Search code examples
javamultithreadingthread-safetyrace-condition

Is it OK to read a variable that could potentially be written at the same time?


Might sound a little silly but I'm not proficient in Java so wanted to make sure:

If there are two code points

I:

if (_myVar == null) 
{
    return; 
}

II:

synchronized (_myLock) 
{
    _myVar = MyVarFactory.create(/* real params */)
}

Edit: Assuming that this _myVar is a complex object (i.e. not boolean, int, or long) but a fully fledged java class that has some parent classes etc. .

Assuming that I and II can run on separate threads at the same time, I think that in C++ this would be a "data race", however I am not sure about the situation in Java.


Solution

  • TL;DR: No, not okay.

    Explanation:

    The relevant documentation is the Java Memory Model (JMM).

    The JMM gives the freedom to the JVM to make a local cached copy of every field on all objects for each individual thread.

    Then, it hands each thread a coin. Anytime the thread reads a field or writes a field, it flips this coin. On heads, it uses its local cache. On tails, it updates both its local cache as well as the 'real' copy.

    Furthermore, the coin is evil. It is not actually random, but it is unreliable. It may flip tails every time today, every time on the test machine, and every time during the first week of the beta. And then just when you're giving a demo to that important potential customer it starts flipping heads on you, reliably, all day, every time. Just.. all of a sudden.

    The name of the game is simple: If the behaviour of your program depends on the result of the evil coin flip, you lose.

    Thus, either write code that doesn't care (hard), or write code that suppresses the flips (easier).

    In general, the easiest thing to do is to never have any fields that you concurrently write to and read from. This sounds impossible but is, in fact, quite easy: Top-down frameworks like fork join do all communications via the stack (so, method parameter passing and method return values), and there is of course that old, tried, and true trick: Do all comms via a channel that has excellent support for concurrent operations, such as a relational database like postgres, or a message queue like rabbitmq.

    If you must use the same field from multiple threads in a concurrent fashion, the only way to ensure the evil coin is not flipped is to establish so-called 'Happens-Before/Happens-After' relationships (this is the official terminology as used in the JMM): There are certain specific ways to set up a relationship such that the JMM officially blesses 2 lines of code: That line will definitely 'happen after' that line (which means: The line that 'happens after' will definitely observe the changes that were caused by the line that 'happens before'). Without HBHA, evil coin flip occurs and you may or may not see the change depending on the phase of the moon.

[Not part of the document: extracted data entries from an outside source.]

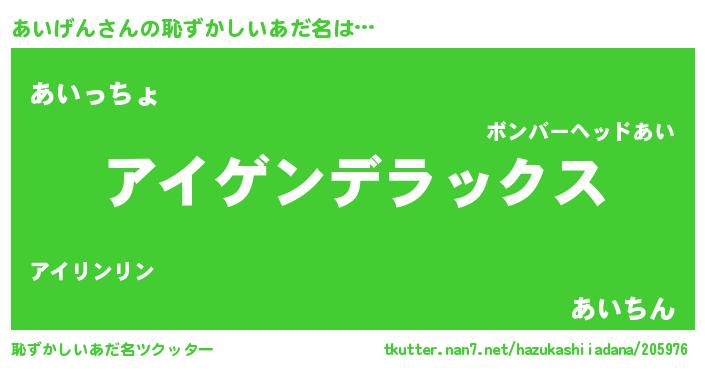 | 意味不明あだ名 | 『自称あいげん』『あいげんフォーエバー』 |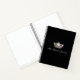 Dieses Spiralnotebook wird in schwarzem Schwarz mit einem Druck einer glänzenden Silberkrone auf dem Cover gezeigt und verfügt über Skizzenseiten, mit denen Sie Ihre speziellen Fotos platzieren können. Unter der Krone sind die Beispielwörter von "Meine besondere Reise" in extravagantem Skript gewartet, damit Sie Ihr Thema individuell gestalten können. Rückseite schwarz mit einer kleinen silbernen Krone ganz hinten. Sie können dieses Notebook anpassen und aus anderen Arten von Papier und Farbe der Bindung wählen, oder kaufen, wie gezeigt.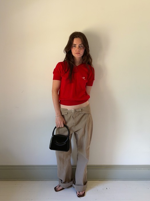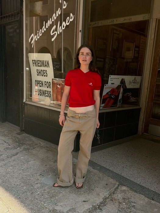 레드 반팔 니트에 브라운 팬츠를 매치한 룩에 플리플롭 힐을 더하면, 편안하면서도 단정한 무드가 동시에 완성돼요. 이때 포인트는 바짓단으로 힐을 살짝 덮어주는 것! 발등을 덮어주면 키가 훨씬 커 보이는 효과까지 덤으로 따라옵니다. 이때, 바짓단이 너무 짧으면 키가 작아 보이고, 너무 길면 발이 묻혀버리니 팬츠의 기장은 발등을 가볍게 덮는 정도로 맞춰주세요.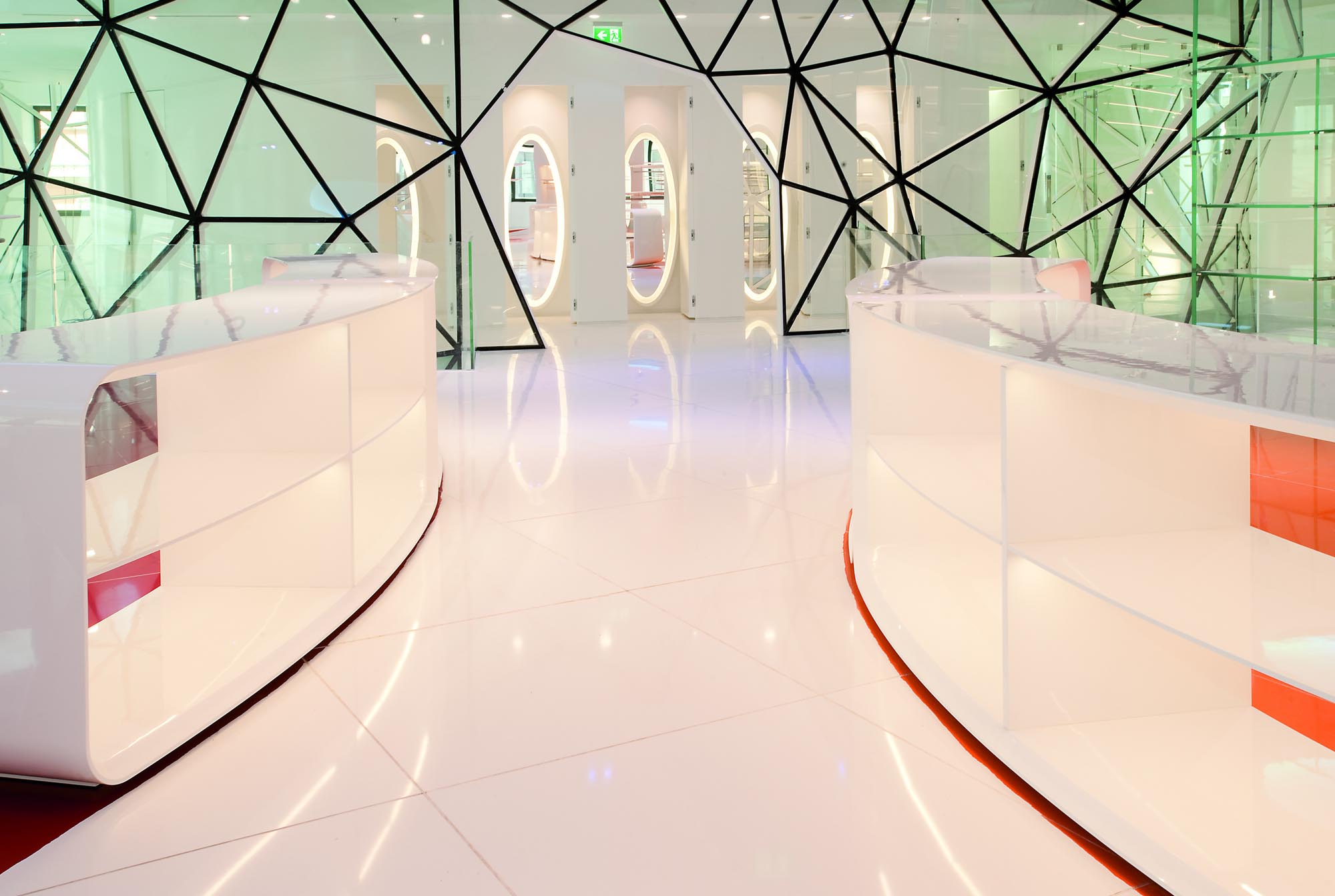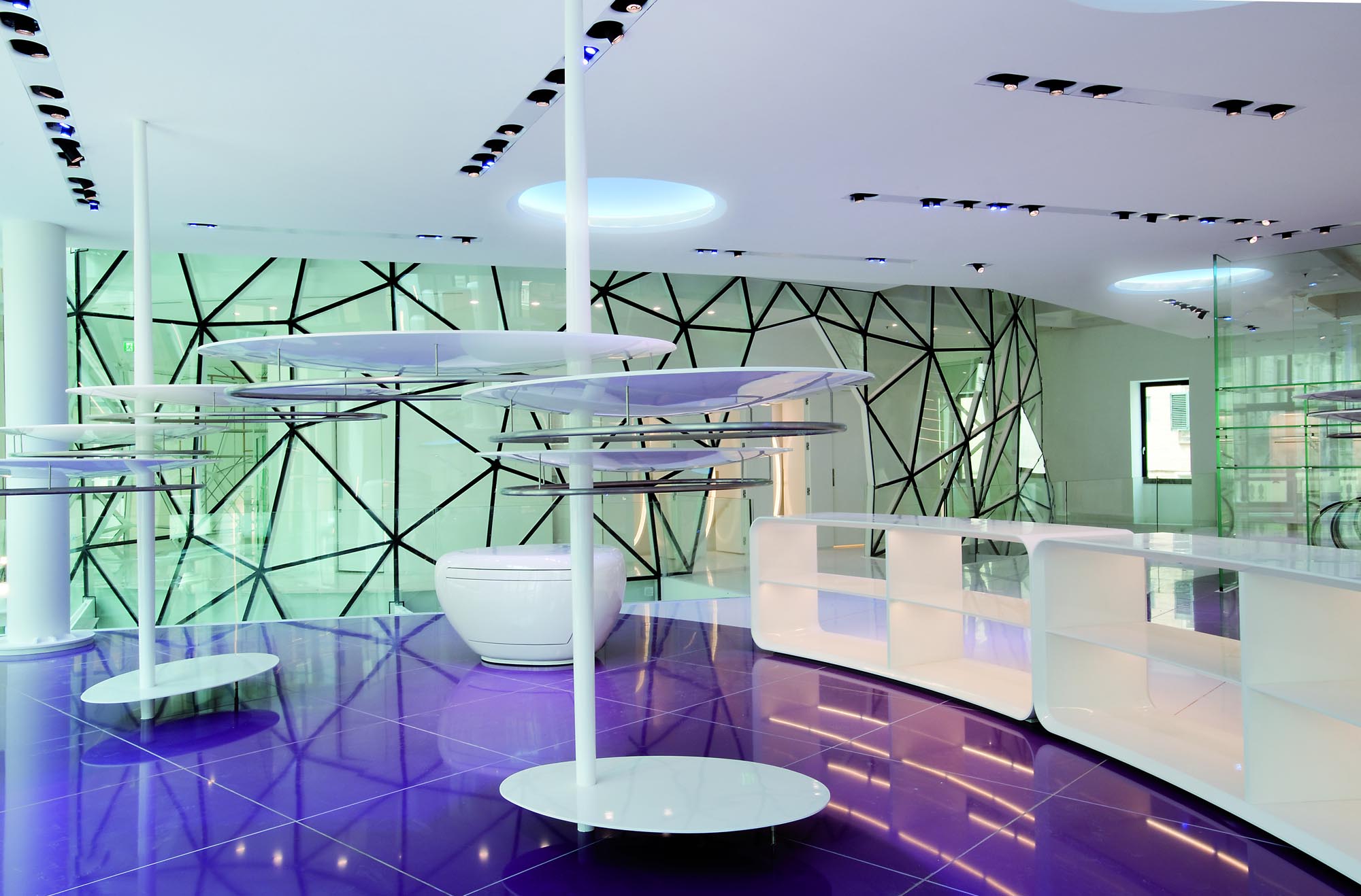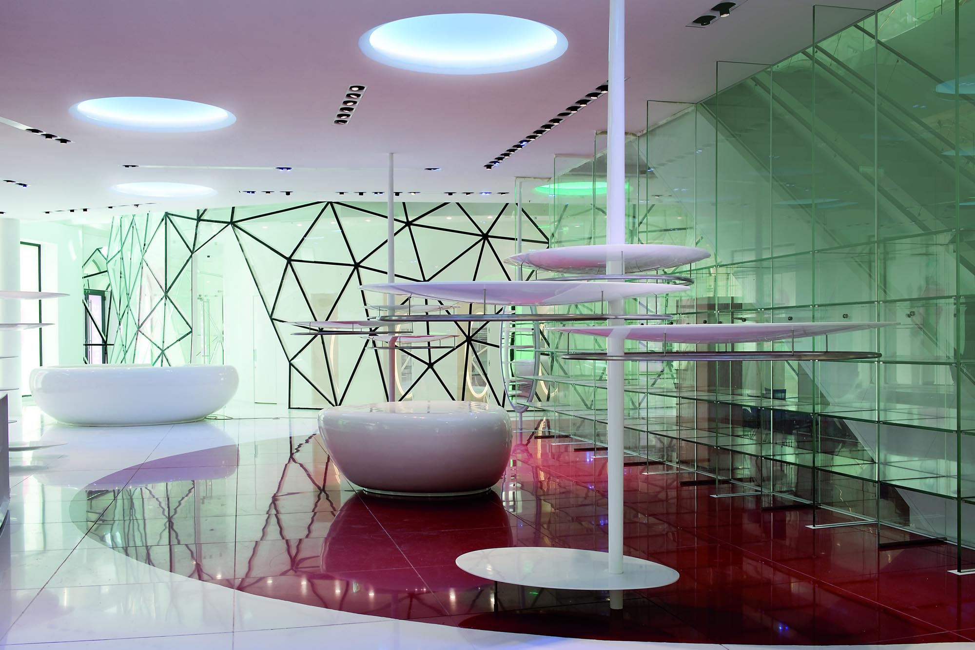 Un escalier avec des marches en verre éclairées par des LED et des surfaces réfléchissantes complète la décoration intérieure et relie les espaces. Enfin, un sol en verre au rez-de-chaussée permet de voir certains des vestiges archéologiques mis au jour lors des travaux.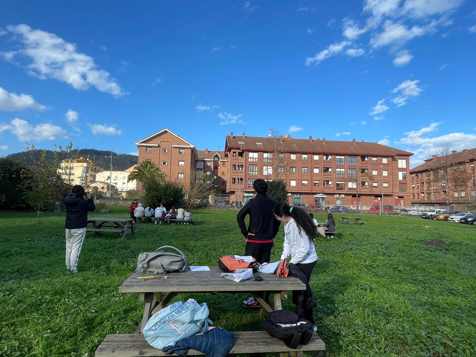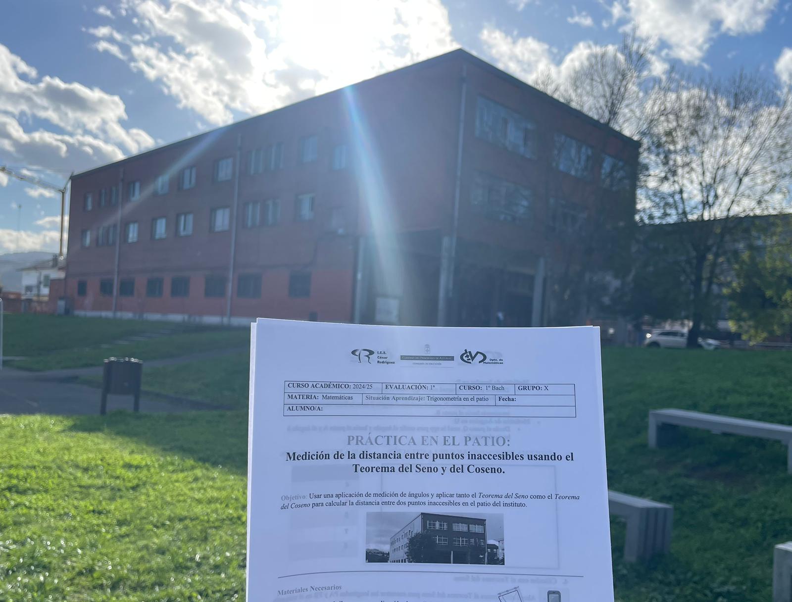 El pasado viernes, 29 de noviembre, el alumnado de 1º X salió al patio para realizar una práctica matemática. Así, calcularon la medida de una distancia inaccesible con teoremas trigonométricos. ¡Algunos intentaron calcular las dimensiones de edificios de fuera del instituto!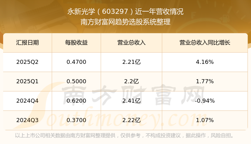 一、永新光學(xué)(603297)股票營(yíng)收情況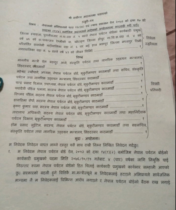 मन्त्री आलेविरुद्ध पर्यटन बोर्डका सीइओ रेग्मीले दिए सर्वोच्चमा उजुरी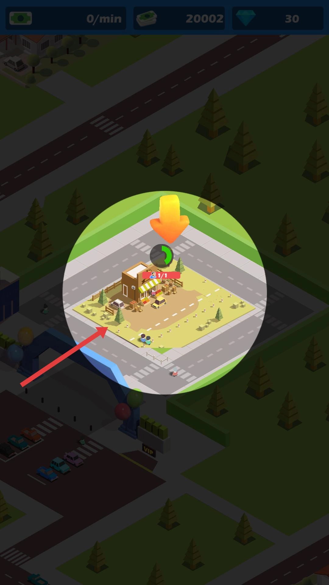 按照箭头指示,点击被圈出的建筑,查看其详细信息,完成接待客人或与建筑相关的操作,以此获取资源,提高收益。

    The list of HBHA causation is lengthy, but the common ways:

    • The natural: 2 bits of code running in the same thread have a natural HBHA relationship. The JVM/CPU is actually free to re-order code and run things simultaneously if it wants to, but the JVM guarantees that whatever any code observes is as if code within a single thread runs strictly sequentially.
    • Starting threads: thread.start() is guaranteed to happen-before the first line of code within that thread.
    • synchronized: If a thread exits a synchronized block, then that happens-before any other thread entering a synchronized block that is synchronizing on the same object reference.
    • volatile: Reads/writes to volatile fields establish an arbitrary order, but it is reliable, and sets up HBHA.

    In your code example, there is absolutely no HBHA going on, as I assume that the first snippet runs in one thread and the second snippet runs in another. Yes, the second snippet uses synchronized, but the first does not, and synchronized can only establish HBHA with other synchronized blocks (and only if they are synchronizing on the exact same object). Thus, you have no HBHA.

    Therefore, the JMM gives the JVM the freedom to run your snippets such that you do not observe that update done by the second snippet (where _myVar is set up to some instance), even if it CAN observe other stuff that the second thread did change.

    SOLUTION: Set up HBHA; use either an AtomicReference which does it for you, or toss a synchronized(_myLock) around the first snippet, or forget this and use a db or rabbitmq or fork/join or some other framework.

    NB: There is pretty much no way to write tests that confirm that evil coin flips are occurring. You should take the advice to look into obviating the need to talk about sharing mutating fields between threads entirely with e.g. fork/join, message queues, or databases seriously as a consequence: Multithreaded code that shares fields has a tendency to be riddled with bugs that no tests can catch.